What you need to do — With the images removed, repeat the data below exactly.

Stored data entries —

- Opening Delimiter -

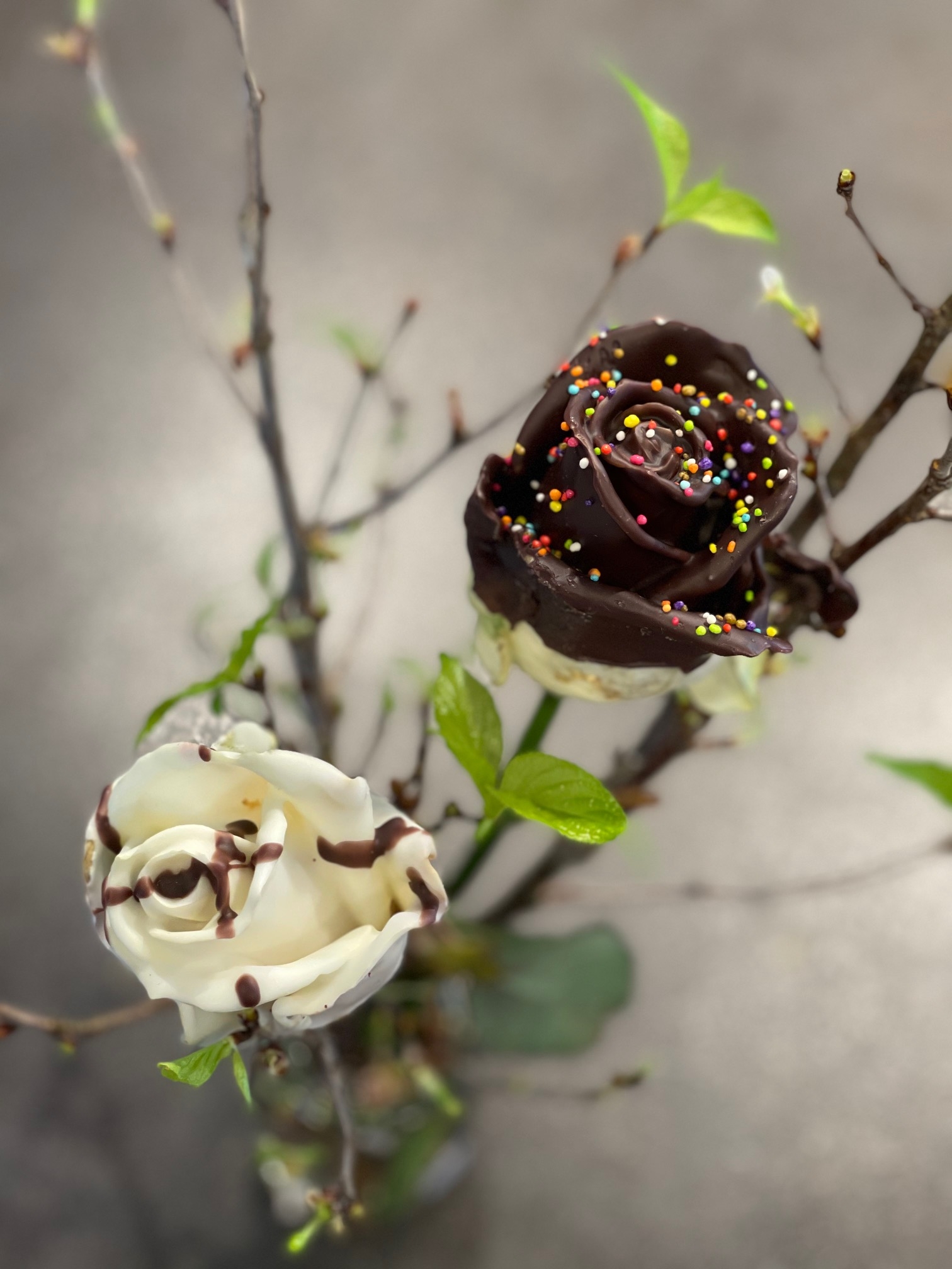 薔薇にチョコレートをコーティングされていて美味しそう!
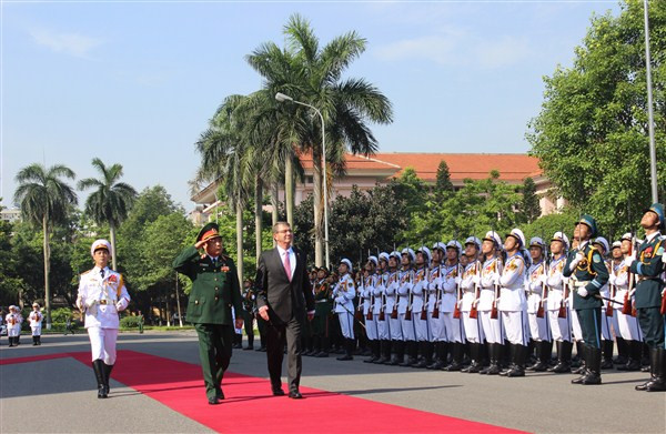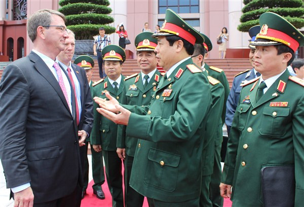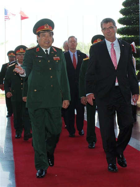 Bộ trưởng Phùng Quang Thanh đón người đồng cấp Ashton Carter đến thăm Việt Nam.
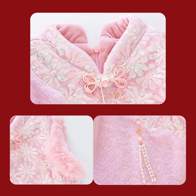 甜美新中式旗袍領七彩亮片花朵洋裝贈珠鏈斜背包-拜年新年戰袍-洋裝+內搭+珠鏈斜背小包-甜美粉
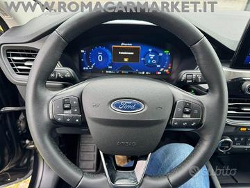 Luce ambiente interna a LED, Sedile guida con regolazione manuale 8 vie e supporto lombare, Sedile passeggero con regolazione manuale 8 vie e supporto lombare, Sedili posteriori scorrevoli (avanti/indietro), Volante ergonomico in pelle regolabile in altezza e profondità, Console centrale con bracciolo, portabicchieri, Console con luci di cortesia e vano porta occhiali, Tappetini anteriori e posteriori, Schienale sedile posteriore frazionabile e reclinabile 60:40, Tendina copribagaglio, Pomello del cambio in pelle, Climatizzatore automatico bi-zona, Active Grill Shutter, Easy Fuel - sistema Ford di rifornimento senza tappo con apertura elettrica, Eco Mode (modalità di guida ecosostenibile), Tasche posteriori sedile conducente e passeggero, Keyless entry (apertura e chiusura senza chiave), Keyless Start (pulsante di accensione), Kit Riparazione Pneumatici, Griglia anteriore design Titanium con profilo cromato, Modanature esterne e passaruota neri, Soglie battitacco, Quadro strumenti con display digitale a colori da 12.3", MyKey (chiave personalizzabile), Chiusura centralizzata con comando a distanza, SYNC 3 Radio DAB, Touch screen TFT 8", Navigatore, 6 altoparlanti, USB, Comandi al volante, E-shifter: cambio con selettore rotativo, Cerchi in lega da 17", FordPass connect (modem 4G),
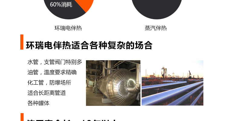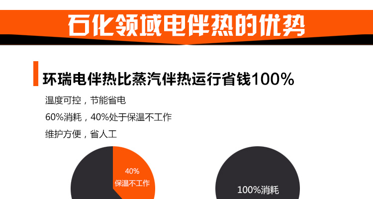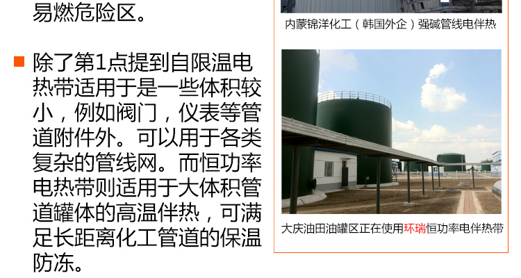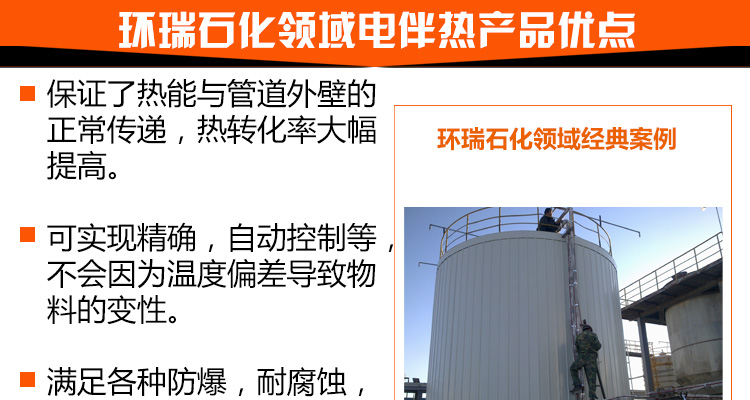 石化場所下的長距離管道,因輸送過程和長時(shí)間的儲存過程中會因散熱造成溫度下降,溫度的下降會使粘性物料的粘度升高,而對易結(jié)晶物料則可能使物料產(chǎn)生結(jié)晶,從而造成料液的輸送發(fā)生困難,嚴(yán)重的會造成管道系統(tǒng)的堵塞。為避免這種情況發(fā)生,必須對系統(tǒng)散失的熱量予以及時(shí)補(bǔ)充,即對系統(tǒng)進(jìn)行連續(xù)不斷地加熱。 |
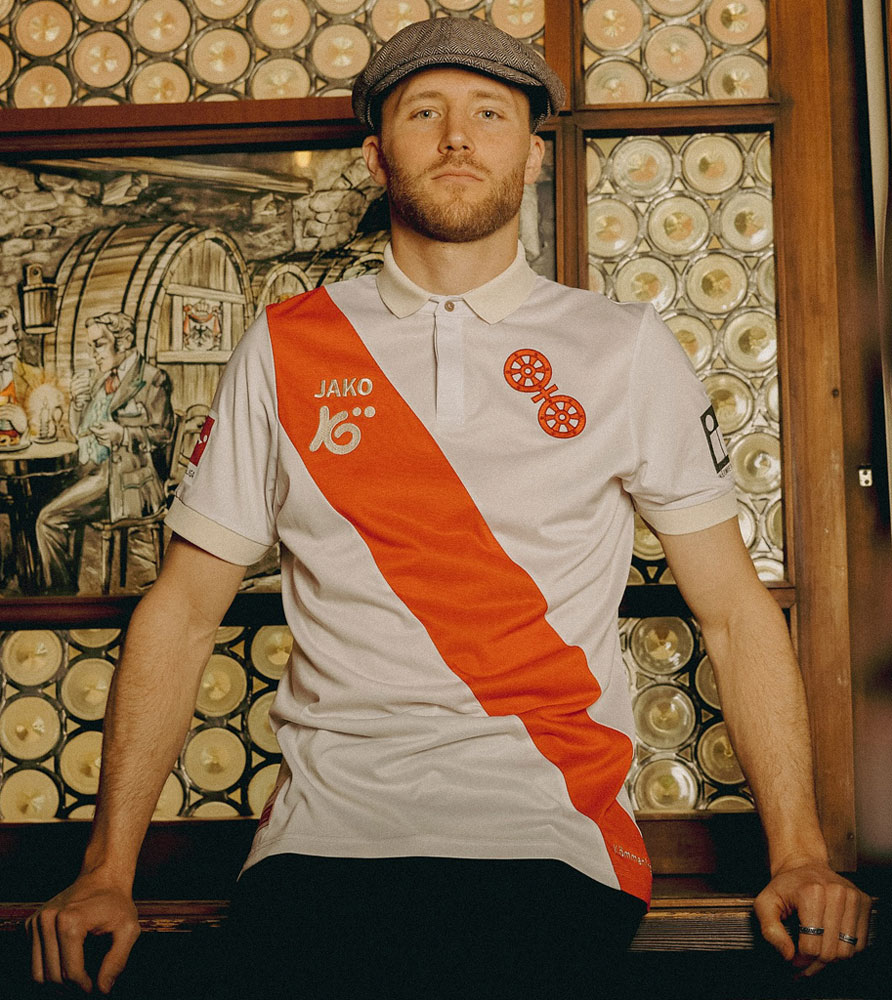 通常は胸に大きくプリントされるスポンサーロゴは、クラブ120年の歴史に敬意を表し右鎖骨に位置を変更。Jakoのロゴと共に刺繍で施された。
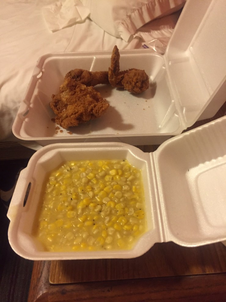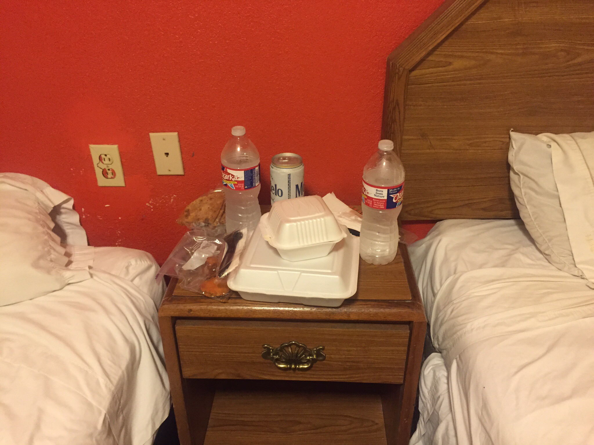 I just washed my hair with bar soap that I’m pretty sure was made out of plastic. I literally showered with my eyes closed to avoid seeing the mold above my head. My dad’s bed lacks a headboard. The fire alarm is broken. And I’m pretty sure this bedspread has never seen a washing machine. Our dinner was a 4-piece chicken for $4.44 and something that appears to be corn from the hotel office/pizza shop/lotto shop/phone card seller/general hangout.
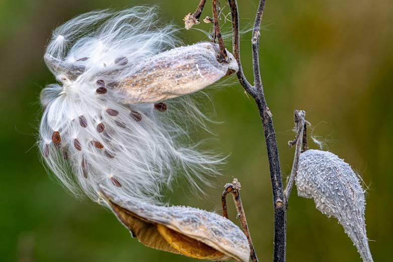 It’s been windy lately. The milkweed seeds were trying to hang in there.
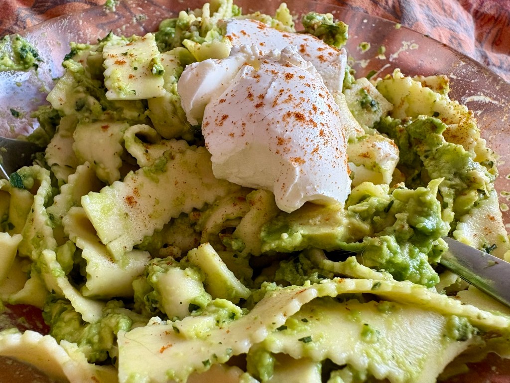 Zum Mittag gibt es Pasta mit Avocado, Limettensaft, Koriander, Ziegenfrischkäse und Cayenne-Pfeffer. Danach brauche ich einen ausgiebigen Mittagsschlaf und nach diesem reicht es mir dann auch mit Projekt und ich gebe mich dem Krankheitsgewinn hin, schlürfe Tee und gucke Sachen:
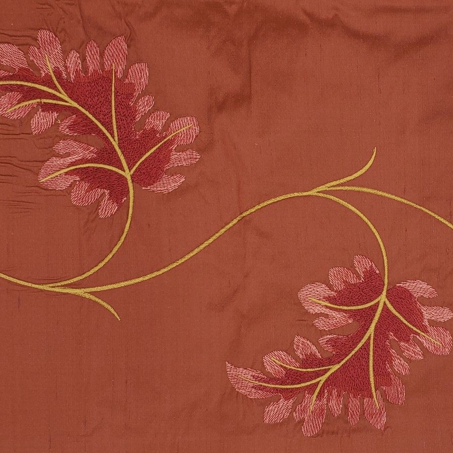 | Lovely leaves and vines on solid silk. This floral silk is perfect for bedding and draperies. |
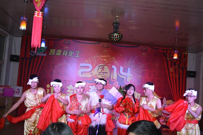 伴隨著(zhù)2013年的腳步,我們也即將迎來(lái)新的一年——2014年。你看!大街小巷都在為新春而忙碌準備著(zhù)。在這辭舊迎新之際,我公司為感謝董事長(cháng)及各位同事的支持,為慶祝大家2013年的戰績(jì),在農歷臘月二十這一天,董事長(cháng)王玉亭先生與管委會(huì )成員以及一直在一線(xiàn)默默貢獻的生產(chǎn)工人、常年在外奔波的銷(xiāo)售將士們歡聚在青島凱源祥化工有限公司,舉辦了一年一度的迎春晚會(huì )。

- Closing Delimiter -

Response to this exercise —
 薔薇にチョコレートをコーティングされていて美味しそう!
 Bộ trưởng Phùng Quang Thanh đón người đồng cấp Ashton Carter đến thăm Việt Nam.
 甜美新中式旗袍領七彩亮片花朵洋裝贈珠鏈斜背包-拜年新年戰袍-洋裝+內搭+珠鏈斜背小包-甜美粉
 Luce ambiente interna a LED, Sedile guida con regolazione manuale 8 vie e supporto lombare, Sedile passeggero con regolazione manuale 8 vie e supporto lombare, Sedili posteriori scorrevoli (avanti/indietro), Volante ergonomico in pelle regolabile in altezza e profondità, Console centrale con bracciolo, portabicchieri, Console con luci di cortesia e vano porta occhiali, Tappetini anteriori e posteriori, Schienale sedile posteriore frazionabile e reclinabile 60:40, Tendina copribagaglio, Pomello del cambio in pelle, Climatizzatore automatico bi-zona, Active Grill Shutter, Easy Fuel - sistema Ford di rifornimento senza tappo con apertura elettrica, Eco Mode (modalità di guida ecosostenibile), Tasche posteriori sedile conducente e passeggero, Keyless entry (apertura e chiusura senza chiave), Keyless Start (pulsante di accensione), Kit Riparazione Pneumatici, Griglia anteriore design Titanium con profilo cromato, Modanature esterne e passaruota neri, Soglie battitacco, Quadro strumenti con display digitale a colori da 12.3", MyKey (chiave personalizzabile), Chiusura centralizzata con comando a distanza, SYNC 3 Radio DAB, Touch screen TFT 8", Navigatore, 6 altoparlanti, USB, Comandi al volante, E-shifter: cambio con selettore rotativo, Cerchi in lega da 17", FordPass connect (modem 4G),
 石化場所下的長距離管道,因輸送過程和長時(shí)間的儲存過程中會因散熱造成溫度下降,溫度的下降會使粘性物料的粘度升高,而對易結(jié)晶物料則可能使物料產(chǎn)生結(jié)晶,從而造成料液的輸送發(fā)生困難,嚴(yán)重的會造成管道系統(tǒng)的堵塞。為避免這種情況發(fā)生,必須對系統(tǒng)散失的熱量予以及時(shí)補(bǔ)充,即對系統(tǒng)進(jìn)行連續(xù)不斷地加熱。 |
 通常は胸に大きくプリントされるスポンサーロゴは、クラブ120年の歴史に敬意を表し右鎖骨に位置を変更。Jakoのロゴと共に刺繍で施された。
 I just washed my hair with bar soap that I’m pretty sure was made out of plastic. I literally showered with my eyes closed to avoid seeing the mold above my head. My dad’s bed lacks a headboard. The fire alarm is broken. And I’m pretty sure this bedspread has never seen a washing machine. Our dinner was a 4-piece chicken for $4.44 and something that appears to be corn from the hotel office/pizza shop/lotto shop/phone card seller/general hangout.
 It’s been windy lately. The milkweed seeds were trying to hang in there.
 Zum Mittag gibt es Pasta mit Avocado, Limettensaft, Koriander, Ziegenfrischkäse und Cayenne-Pfeffer. Danach brauche ich einen ausgiebigen Mittagsschlaf und nach diesem reicht es mir dann auch mit Projekt und ich gebe mich dem Krankheitsgewinn hin, schlürfe Tee und gucke Sachen:
 | Lovely leaves and vines on solid silk. This floral silk is perfect for bedding and draperies. |
 伴隨著(zhù)2013年的腳步,我們也即將迎來(lái)新的一年——2014年。你看!大街小巷都在為新春而忙碌準備著(zhù)。在這辭舊迎新之際,我公司為感謝董事長(cháng)及各位同事的支持,為慶祝大家2013年的戰績(jì),在農歷臘月二十這一天,董事長(cháng)王玉亭先生與管委會(huì )成員以及一直在一線(xiàn)默默貢獻的生產(chǎn)工人、常年在外奔波的銷(xiāo)售將士們歡聚在青島凱源祥化工有限公司,舉辦了一年一度的迎春晚會(huì )。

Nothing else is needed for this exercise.